I asked a new joiner within the team to tell me about her weekend plans and then got ready to answer the dreaded question myself.
What do you do with your weekend?
So I can spend entire weekends within my flat. I am working on few pet projects that keep me busy. And I read. I mean I hope I read a lot.
But what is a really good answer to such questions? I somehow feel a need to rethink answer of this question every time when I don't have to. I think this is a big realization. I could simply say that I relaxed.
Anyway, I wanted to meet Sanjeev and Natasha and Fanny for a long time. Fanny, by the way, is a 3 months old Labrador. They live in Noida and it's about 2 hours journey if one wants to go there from Gurgaon. Anyway, every once in a while we would make plans of meeting and then drop it at the very last hour. I think there is some guilty pleasure in canceling plans.
Anyway, this Saturday they did take trouble of coming and meeting me. They came with Fanny and I was happy to see them. I was not so crazy about Fanny though. She seemed harmless at the beginning but then she really scared me by trying to crunch my ribs.
We decided to buy beer and few other items and so went to local market.
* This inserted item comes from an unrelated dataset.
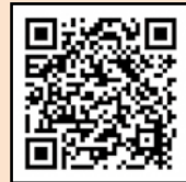
▲おいしくヘルシー 応援店

市内には、市民の健幸を応援する「おいしくヘルシー応援店」があります。おいしくヘルシー応援店を利用して、健幸になりましょう！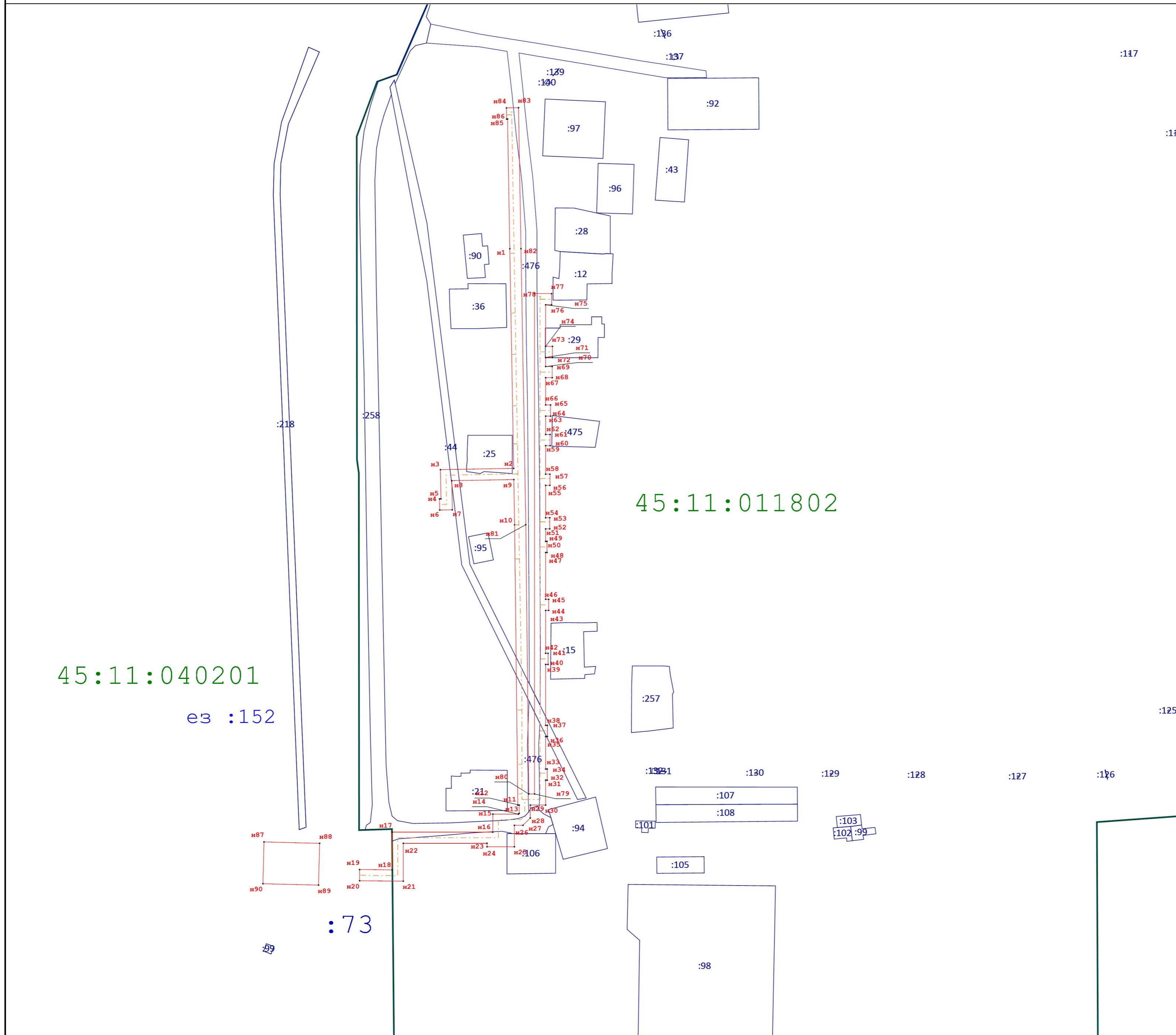
Схема границ публичного сервитута на кадастровом плане территории

Утверждена (наименование документа об утверждении, включая наименования органов государственной власти или местного самоуправления, принявших решение об утверждении схемы или подписавших соглашение о перераспределении земельных участков от _____ № _____

And boy, was I in for enlightenment! People stopped and asked permission to play with Fanny. I realized she is the celebrity and felt guilty for not being reverent enough to her during our interaction earlier.
And we didn't talk much about anything else. If you are in a relationship and you have run out of ideas for conversations, adopting a dog could be a winner choice.
But we did talk about other things, didn't we? How NCR sucked. How I'm old and have never had a girlfriend. Where do we go from here?
I think it is a tough time that I am going through. I have time and if I don't invest it somewhere judiciously, I will waste it, look back and repent. Or worse, I could develop a wrong (or true) perspective of world and really not care about anything.
My plan is to read and write. Create something that I can be proud of. Be aware. Not panic. Be happy.